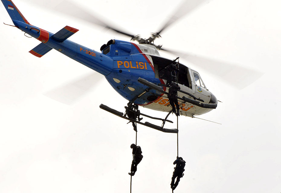 3月13日,印尼警方在首都雅加達(dá)的證券交易所舉行了一場(chǎng)反恐演習(xí),為本月底即將到訪(fǎng)印尼的美國(guó)總統(tǒng)奧巴馬創(chuàng)造安全的環(huán)境。圖片來(lái)源:中國(guó)新聞網(wǎng)
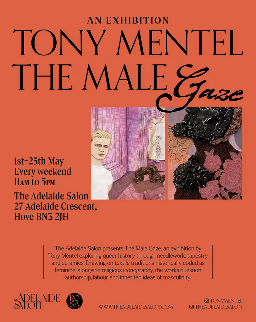 Opening this May in Hove, The Male Gaze by Tony Mentel, presented by The Adelaide Salon as part of the Brighton Festival Open Houses, is a compelling solo exhibition that explores queer identity, memory, and coded histories through intricate craft-based works.
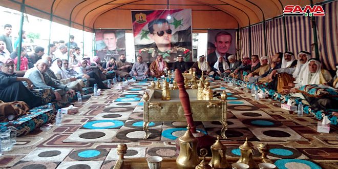 وفي تصريح لمراسل سانا قال الشيخ قدور عبد الرزاق الحسين شيخ قبيلة البكارة “ندين ونستنكر أي تدخل أمريكي أو أجنبي في سورية ونحن مع وحدة الأراضي السورية وستبقى سورية واحدة موحدة يحميها الجيش العربي السوري”.
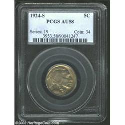 <TABLE cellSpacing=0 cellPadding=0 width="100%" bgColor=#000000 border=0><TBODY><TR><TD width="100%"><TABLE cellSpacing=1 cellPadding=3 width="100%" border=0><TBODY><TR><TD width="100%" bgColor=#79735c><FONT face=arial color=#ffffff size=3><B>Description</B> </FONT></TD></TR><TR><TD width="100%" bgColor=#ffffff><FONT face=arial size=2><B>1924-S 5C AU58 PCGS.</B></I> A key date in the buffalo nickel series, this piece, due to its already typically weak strike, shows little horn detail. While this is the case, little wear can actually be seen and the piece is undistracted by marks, carbon spots, or unattractive toning. </FONT></TD></TR></TBODY></TABLE></TD></TR></TBODY></TABLE><BR><A name=PricesRealized></A><TABLE cellSpacing=0 cellPadding=0 width="100%" bgColor=#000000 border=0><TBODY><TR><TD width="100%"><TABLE cellSpacing=1 cellPadding=3 width="100%" border=0><TBODY><TR><TD width="100%" bgColor=#79735c><A name=PR><FONT face=arial color=#ffffff size=3><B>Previous Prices from Heritage Auctions</B> </FONT></A></TD></TR><TR><TD bgColor=#f6f6ed><TABLE cellSpacing=0 cellPadding=0 width="100%" border=1><TBODY><TR><TD align=middle width="33%"><B>Date</B></TD><TD align=middle width="33%"><B>Service</B></TD><TD align=middle width="33%"><B>Price</B></TD></TR><TR bgColor=whitesmoke><TD width="33%"><B>07/29/2003</B></TD><TD width="33%">PCGS</TD><TD width="33%">$1,610.00</TD></TR><TR bgColor=whitesmoke><TD width="33%"><B>10/07/1995</B></TD><TD width="33%">ANACS</TD><TD width="33%">$1,650.00</TD></TR></TBODY></TABLE></TD></TR><TR><TD bgColor=#ffffff><FONT face=arial size=1 ?>PLEASE NOTE: All prices realized reflect the final hammer price PLUS the buyer's premium in auctions that charge a buyer's premium. Each item has a notation at the top of the listing indicating whether that lot included a buyer's premium. Example: A item that sells with a final hammer price of $100 and a 20% buyer's premium will display with a price realized of $120. All information listed is intended to be as accurate as possible, but errors are possible. Please use this guide carefully and inform us of any inaccuracies. </FONT></TD></TR></TBODY></TABLE></TD></TR></TBODY></TABLE><BR><TABLE cellSpacing=0 cellPadding=0 width="100%" bgColor=#000000 border=0><TBODY><TR><TD width="100%"><TABLE cellSpacing=1 cellPadding=3 width="100%" border=0><TBODY><TR><TD width="100%" bgColor=#79735c colSpan=6><FONT face=arial color=#ffffff size=3><B>Price Guide*</B> </FONT></TD></TR><TR bgColor=#f6f6ed><TD align=middle><B>Grade</B> </TD><TD align=middle><B>Coin World<BR>(Trends)</B> </TD><TD align=middle><B>Numismedia<BR>Retail</B> </TD><TD align=middle><B>Numismedia<BR>Wholesale</B> </TD><TD align=middle><B>Coin<BR>Universe</B> </TD><TD align=middle><B>Heritage<BR>Value Index</B> </TD></TR><TR bgColor=#ffffff><TD align=middle>55</TD><TD align=right>---</TD><TD align=right>---</TD><TD align=right>$1,080.00</TD><TD align=right>$1,700.00</TD><TD align=right>$1,222.58</TD></TR><TR style="FONT-WEIGHT: bold" bgColor=#cccfdd><TD align=middle>58</TD><TD align=right>$1,450.00</TD><TD align=right>---</TD><TD align=right>$1,175.00</TD><TD align=right>---</TD><TD align=right>$1,286.50</TD></TR><TR bgColor=#ffffff><TD align=middle>60</TD><TD align=right>$1,750.00</TD><TD align=right>---</TD><TD align=right>$1,820.00</TD><TD align=right>$2,275.00</TD><TD align=right>$1,434.17</TD></TR><TR bgColor=#ffffff><TD colSpan=6><FONT size=1>*All information listed is intended to be as accurate as possible, but errors are possible. No item may be returned or refused based on this information which is provided as a service to our customers. You should contact each pricing source directly to determine the accuracy of this information. </FONT></TD></TR></TBODY></TABLE></TD></TR></TBODY></TABLE><BR><TABLE cellSpacing=0 cellPadding=0 width="100%" bgColor=#000000 border=0><TBODY><TR><TD width="100%"><TABLE cellSpacing=1 cellPadding=3 width="100%" border=0><TBODY><TR><TD width="100%" bgColor=#79735c><FONT face=arial color=#ffffff size=3><B>Population Guide</B> </FONT></TD></TR><TR bgColor=#ffffff><TD align=middle><!-- Begin Output of Population Grid--><TABLE cellSpacing=0 cellPadding=0 width="100%" border=0><TBODY><TR><TD vAlign=center><TABLE cellSpacing=0 width="100%" border=1 cellsadding="3"><TBODY><TR><TD vAlign=center><TABLE cellSpacing=0 cellPadding=3 width="100%" border=1><TBODY><TR><TD vAlign=center align=middle bgColor=#f0f1e8 colSpan=2 <CENTER><FONT face=Arial size=2><B>PCGS Pop </B></FONT><CENTER></CENTER></TD><TD vAlign=center align=middle bgColor=#f0f1e8 colSpan=2><CENTER><FONT face=Arial size=2><B>NGC Pop</B></CENTER></FONT></TD></TR><TR><TD vAlign=center><FONT face=Arial size=2>(58)</FONT> </TD><TD vAlign=center align=right><FONT face=Arial size=2>7</FONT> </TD><TD vAlign=center><FONT face=Arial size=2>(58)</FONT> </TD><TD vAlign=center align=right><FONT face=Arial size=2>12</FONT> </TD></TR><TR><TD vAlign=center><FONT face=Arial size=2>(>58)</FONT> </TD><TD vAlign=center align=right><FONT face=Arial size=2>203</FONT> </TD><TD vAlign=center><FONT face=Arial size=2>(>58)</FONT> </TD><TD vAlign=center align=right><FONT face=Arial size=2>112</FONT> </TD></TR></TBODY></TABLE></TD></TR></TBODY></TABLE></TD></TR></TBODY></TABLE><!-- End Output of Population Grid--> Important notice: Heritage usually auctions material at the rate of 200-250 lots per hour. On some occasions eBay Live bid software or the Internet may not be able to keep up with the pace of the auction. We recommend placing a realistic absentee bid now as insurance to avoid disappointment. Occasionally the auctioneer may eliminate or reject an eBay Live bid, and the auctioneer may also reopen a lot after the close of the eBay live bidding (usually because we missed an audience bid), and may reject your bid even if it shows you as the winning bidder. By bidding via eBay Live, you agree that Heritage may award the lot to another bidder at its sole discretion under the circumstances described above or any other

● ● ● ● ●

Your copy must repeat the data word for word and show none of its images.

 3月13日,印尼警方在首都雅加達(dá)的證券交易所舉行了一場(chǎng)反恐演習(xí),為本月底即將到訪(fǎng)印尼的美國(guó)總統(tǒng)奧巴馬創(chuàng)造安全的環(huán)境。圖片來(lái)源:中國(guó)新聞網(wǎng)
 Opening this May in Hove, The Male Gaze by Tony Mentel, presented by The Adelaide Salon as part of the Brighton Festival Open Houses, is a compelling solo exhibition that explores queer identity, memory, and coded histories through intricate craft-based works.
 وفي تصريح لمراسل سانا قال الشيخ قدور عبد الرزاق الحسين شيخ قبيلة البكارة “ندين ونستنكر أي تدخل أمريكي أو أجنبي في سورية ونحن مع وحدة الأراضي السورية وستبقى سورية واحدة موحدة يحميها الجيش العربي السوري”.
 <TABLE cellSpacing=0 cellPadding=0 width="100%" bgColor=#000000 border=0><TBODY><TR><TD width="100%"><TABLE cellSpacing=1 cellPadding=3 width="100%" border=0><TBODY><TR><TD width="100%" bgColor=#79735c><FONT face=arial color=#ffffff size=3><B>Description</B> </FONT></TD></TR><TR><TD width="100%" bgColor=#ffffff><FONT face=arial size=2><B>1924-S 5C AU58 PCGS.</B></I> A key date in the buffalo nickel series, this piece, due to its already typically weak strike, shows little horn detail. While this is the case, little wear can actually be seen and the piece is undistracted by marks, carbon spots, or unattractive toning. </FONT></TD></TR></TBODY></TABLE></TD></TR></TBODY></TABLE><BR><A name=PricesRealized></A><TABLE cellSpacing=0 cellPadding=0 width="100%" bgColor=#000000 border=0><TBODY><TR><TD width="100%"><TABLE cellSpacing=1 cellPadding=3 width="100%" border=0><TBODY><TR><TD width="100%" bgColor=#79735c><A name=PR><FONT face=arial color=#ffffff size=3><B>Previous Prices from Heritage Auctions</B> </FONT></A></TD></TR><TR><TD bgColor=#f6f6ed><TABLE cellSpacing=0 cellPadding=0 width="100%" border=1><TBODY><TR><TD align=middle width="33%"><B>Date</B></TD><TD align=middle width="33%"><B>Service</B></TD><TD align=middle width="33%"><B>Price</B></TD></TR><TR bgColor=whitesmoke><TD width="33%"><B>07/29/2003</B></TD><TD width="33%">PCGS</TD><TD width="33%">$1,610.00</TD></TR><TR bgColor=whitesmoke><TD width="33%"><B>10/07/1995</B></TD><TD width="33%">ANACS</TD><TD width="33%">$1,650.00</TD></TR></TBODY></TABLE></TD></TR><TR><TD bgColor=#ffffff><FONT face=arial size=1 ?>PLEASE NOTE: All prices realized reflect the final hammer price PLUS the buyer's premium in auctions that charge a buyer's premium. Each item has a notation at the top of the listing indicating whether that lot included a buyer's premium. Example: A item that sells with a final hammer price of $100 and a 20% buyer's premium will display with a price realized of $120. All information listed is intended to be as accurate as possible, but errors are possible. Please use this guide carefully and inform us of any inaccuracies. </FONT></TD></TR></TBODY></TABLE></TD></TR></TBODY></TABLE><BR><TABLE cellSpacing=0 cellPadding=0 width="100%" bgColor=#000000 border=0><TBODY><TR><TD width="100%"><TABLE cellSpacing=1 cellPadding=3 width="100%" border=0><TBODY><TR><TD width="100%" bgColor=#79735c colSpan=6><FONT face=arial color=#ffffff size=3><B>Price Guide*</B> </FONT></TD></TR><TR bgColor=#f6f6ed><TD align=middle><B>Grade</B> </TD><TD align=middle><B>Coin World<BR>(Trends)</B> </TD><TD align=middle><B>Numismedia<BR>Retail</B> </TD><TD align=middle><B>Numismedia<BR>Wholesale</B> </TD><TD align=middle><B>Coin<BR>Universe</B> </TD><TD align=middle><B>Heritage<BR>Value Index</B> </TD></TR><TR bgColor=#ffffff><TD align=middle>55</TD><TD align=right>---</TD><TD align=right>---</TD><TD align=right>$1,080.00</TD><TD align=right>$1,700.00</TD><TD align=right>$1,222.58</TD></TR><TR style="FONT-WEIGHT: bold" bgColor=#cccfdd><TD align=middle>58</TD><TD align=right>$1,450.00</TD><TD align=right>---</TD><TD align=right>$1,175.00</TD><TD align=right>---</TD><TD align=right>$1,286.50</TD></TR><TR bgColor=#ffffff><TD align=middle>60</TD><TD align=right>$1,750.00</TD><TD align=right>---</TD><TD align=right>$1,820.00</TD><TD align=right>$2,275.00</TD><TD align=right>$1,434.17</TD></TR><TR bgColor=#ffffff><TD colSpan=6><FONT size=1>*All information listed is intended to be as accurate as possible, but errors are possible. No item may be returned or refused based on this information which is provided as a service to our customers. You should contact each pricing source directly to determine the accuracy of this information. </FONT></TD></TR></TBODY></TABLE></TD></TR></TBODY></TABLE><BR><TABLE cellSpacing=0 cellPadding=0 width="100%" bgColor=#000000 border=0><TBODY><TR><TD width="100%"><TABLE cellSpacing=1 cellPadding=3 width="100%" border=0><TBODY><TR><TD width="100%" bgColor=#79735c><FONT face=arial color=#ffffff size=3><B>Population Guide</B> </FONT></TD></TR><TR bgColor=#ffffff><TD align=middle><!-- Begin Output of Population Grid--><TABLE cellSpacing=0 cellPadding=0 width="100%" border=0><TBODY><TR><TD vAlign=center><TABLE cellSpacing=0 width="100%" border=1 cellsadding="3"><TBODY><TR><TD vAlign=center><TABLE cellSpacing=0 cellPadding=3 width="100%" border=1><TBODY><TR><TD vAlign=center align=middle bgColor=#f0f1e8 colSpan=2 <CENTER><FONT face=Arial size=2><B>PCGS Pop </B></FONT><CENTER></CENTER></TD><TD vAlign=center align=middle bgColor=#f0f1e8 colSpan=2><CENTER><FONT face=Arial size=2><B>NGC Pop</B></CENTER></FONT></TD></TR><TR><TD vAlign=center><FONT face=Arial size=2>(58)</FONT> </TD><TD vAlign=center align=right><FONT face=Arial size=2>7</FONT> </TD><TD vAlign=center><FONT face=Arial size=2>(58)</FONT> </TD><TD vAlign=center align=right><FONT face=Arial size=2>12</FONT> </TD></TR><TR><TD vAlign=center><FONT face=Arial size=2>(>58)</FONT> </TD><TD vAlign=center align=right><FONT face=Arial size=2>203</FONT> </TD><TD vAlign=center><FONT face=Arial size=2>(>58)</FONT> </TD><TD vAlign=center align=right><FONT face=Arial size=2>112</FONT> </TD></TR></TBODY></TABLE></TD></TR></TBODY></TABLE></TD></TR></TBODY></TABLE><!-- End Output of Population Grid--> Important notice: Heritage usually auctions material at the rate of 200-250 lots per hour. On some occasions eBay Live bid software or the Internet may not be able to keep up with the pace of the auction. We recommend placing a realistic absentee bid now as insurance to avoid disappointment. Occasionally the auctioneer may eliminate or reject an eBay Live bid, and the auctioneer may also reopen a lot after the close of the eBay live bidding (usually because we missed an audience bid), and may reject your bid even if it shows you as the winning bidder. By bidding via eBay Live, you agree that Heritage may award the lot to another bidder at its sole discretion under the circumstances described above or any other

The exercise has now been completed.